There’s ongoing discussion of our conference review process. Unsurprisingly it seems to spike around the time people get reviews of their own work. A lot of the griping tends to assert that reviewers aren’t doing a good job. Some argue for abandoning the pre-publication review process in favor of accepting everything and reviewing post-publication. But I’m a big supporter of the model where experts help authors improve their work and help filter material so I know where to look for the good work.
Without abandoning it, I think there are some great opportunities to improve the review process by adding some transparency. I’d like to address three problems with the current pre-review process:
- Reviewers know that their work will never be seen, so are missing all the external motivators (praise for good work, scorn for bad) for doing a good job; only altruism remains.
- Authors who feel unfairly reviewed have to shut up and take it
- New reviewers have no real models of good work to emulate
To address these, I propose the following addition to the review process. When reviewers submit a review, give them a box they can check if they are willing to have their review published, specifying anonymity or in their own name. Similarly, when authors read reviews, give them a checkbox to indicate their willingness to have those reviews made public, as well as a check-box to indicate their willingness for their initial submission to be made public. These permissions could be used in a number of interesting ways.

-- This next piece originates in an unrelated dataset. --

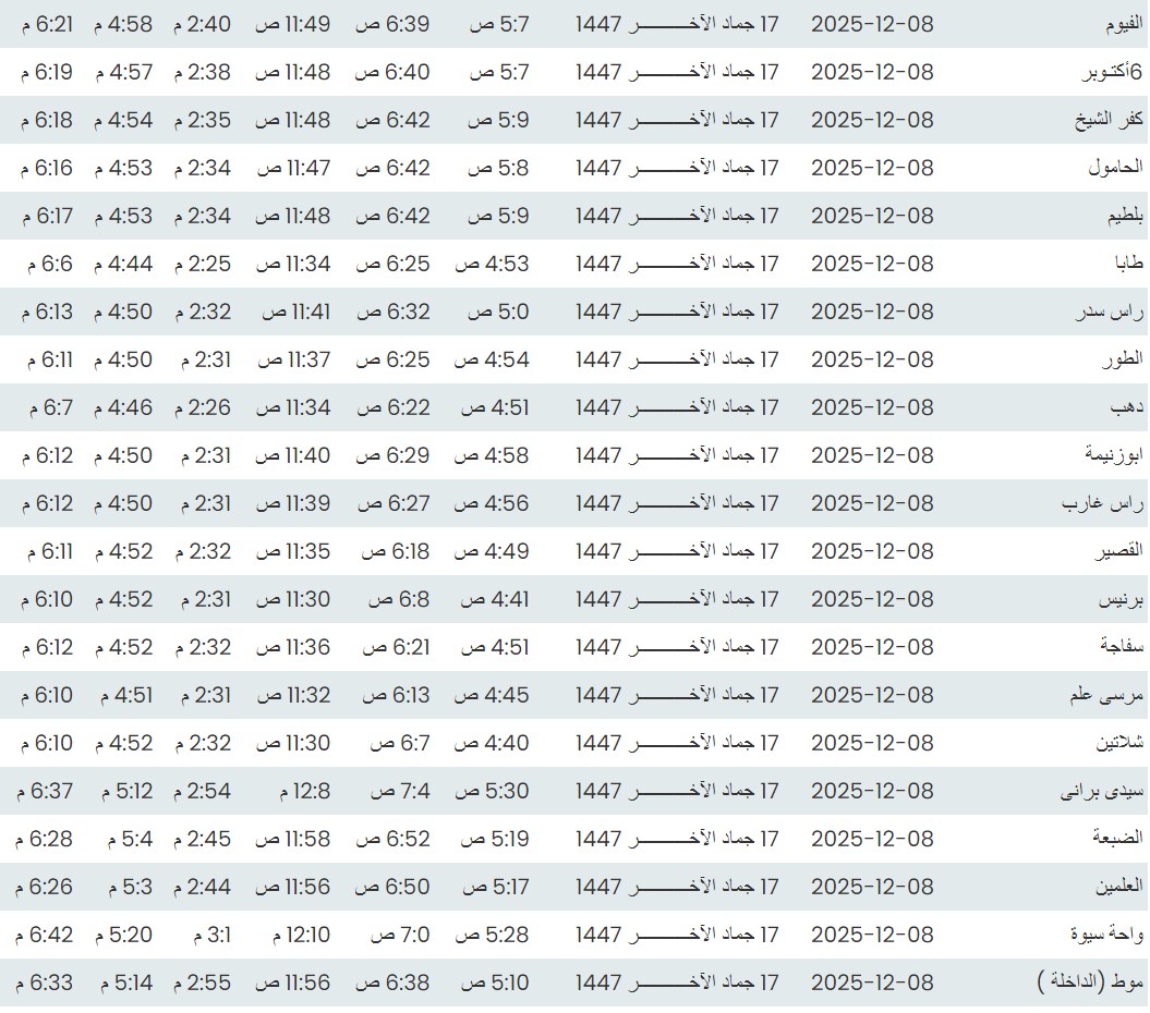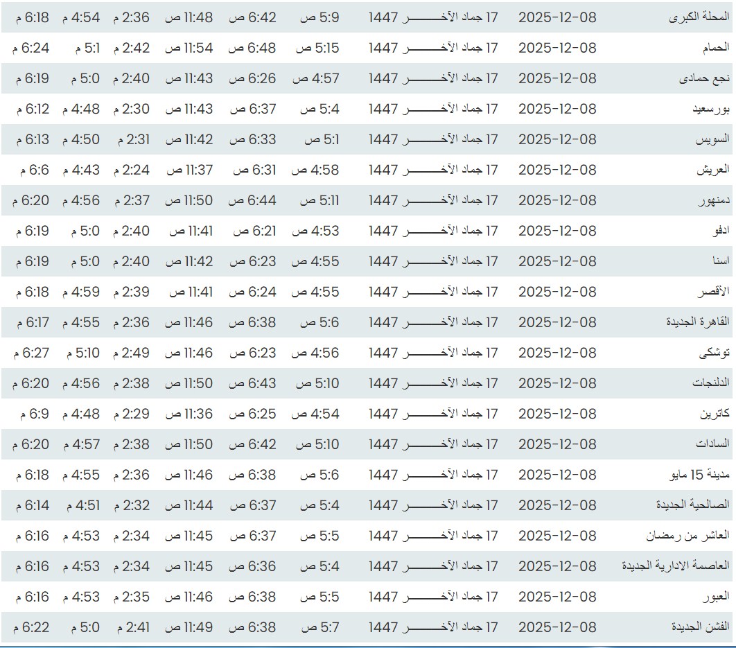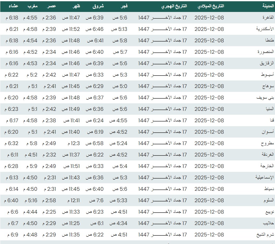 وفيما يلي مواقيت الصلاة، لعدد من مدن ومحافظات الجمهورية من واقع بيانات الهيئة العامة للمساحة
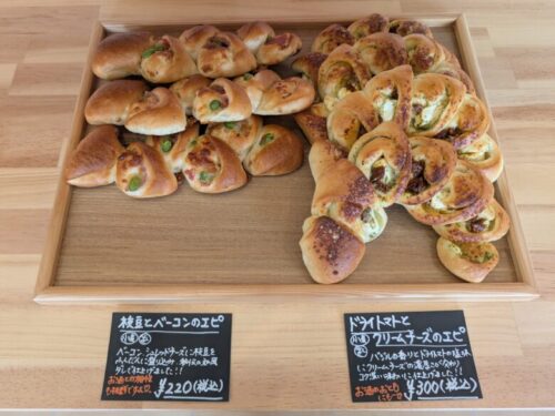 枝豆とベーコンのエピ ¥220 ドライトマトとクリームチーズのエピ ¥300

First, reviewers with permission of authors could begin to maintain/publish a corpus of the reviews they’ve written. Even when I end up as Reviewer 2, I try to invest a lot of work in making a good review, and I’d love to be able to show that to other people. A good reviewer could get credit in the community for their thoughtful reviews. I suspect having a record like this would also make that reviewer a first choice for reviewing the most interesting submissions in our field (if we wanted to add incentive, we could give such high quality reviewers first dibs on bidding to review specific papers).
Second, authors who disagreed with their reviews could post responses to them. It wouldn’t change the outcome, but it could certainly give the authors some satisfaction. And the feedback, if valid, might help the reviewer become a better reviewer in the future.
Perhaps most important, these public reviews and submissions could become a valuable education resource. New reviewers could be directed to a corpus of high quality reviews that they could use as models for their own. This would work even better in combination with publication of the original and final submissions. I’ve been asked to help teach a class on reviewing next semester; I would love to be able to take some original submissions, ask the students to review them, then show the students the real reviews and, finally, the paper that was ultimately published. We should be able to see the kinds of problems that reviewers noticed, and the ways the authors chose to deal with those problems in revision.
These are just the direct benefits; there are also strong indirect ones. Even if optional, that waiting check-box will be on reviewers’ minds as they review; they can take the easy way out, but knowing that there’s a community desire for openness might encourage them to work a little harder at that review in order to make it public. It won’t fix the really awful reviewers but will lead those on the boundary to do a little more. This might not just mean reading the paper more carefully, but also taking the time to make sure that the tone of the review is respectful and encouraging of the authors. Conversely, knowing that the community would prefer to publish the original submission might encourage authors to deliver one of higher quality. Again, those who plan to have the committee do the authors’ work for them, framing the problem, finding related work, and suggesting better experiments, aren’t going to check that box, but those on the borderline might decide to wait for the next conference if their paper isn’t ready yet.
Some years ago I went to a HOTNETs conference where each paper was preceded by a commentary from one of the PC members. If reviews could be published, it could be quite interesting to include them in the proceedings with each paper, to serve just that commentary role. People who signed their reviews could get some nice credit for insightful commentary, and we could even award prizes to the best ones.
An important consideration is that a reviewer permitting their review to be published isn’t sufficient—the paper author has to agree as well. Otherwise, the review might leak information about the submission that the author isn’t willing to share.
Are there downsides? We might worry about increasing conflicts of interest. A junior member might be worried about being associated with a negative review of a powerful colleague. But I think this can often be addressed by allowing anonymous publication of those reviews. And there’s always the option to keep reviews private.
In summary, I think this is an approach that creates several opportunities without forcing any undesired change. I know that I would often be quite eager to share my own reviews (they become a useful commentary on the state of the art), and comfortable sharing most of the reviews I’ve received and my preliminary submissions. How about you?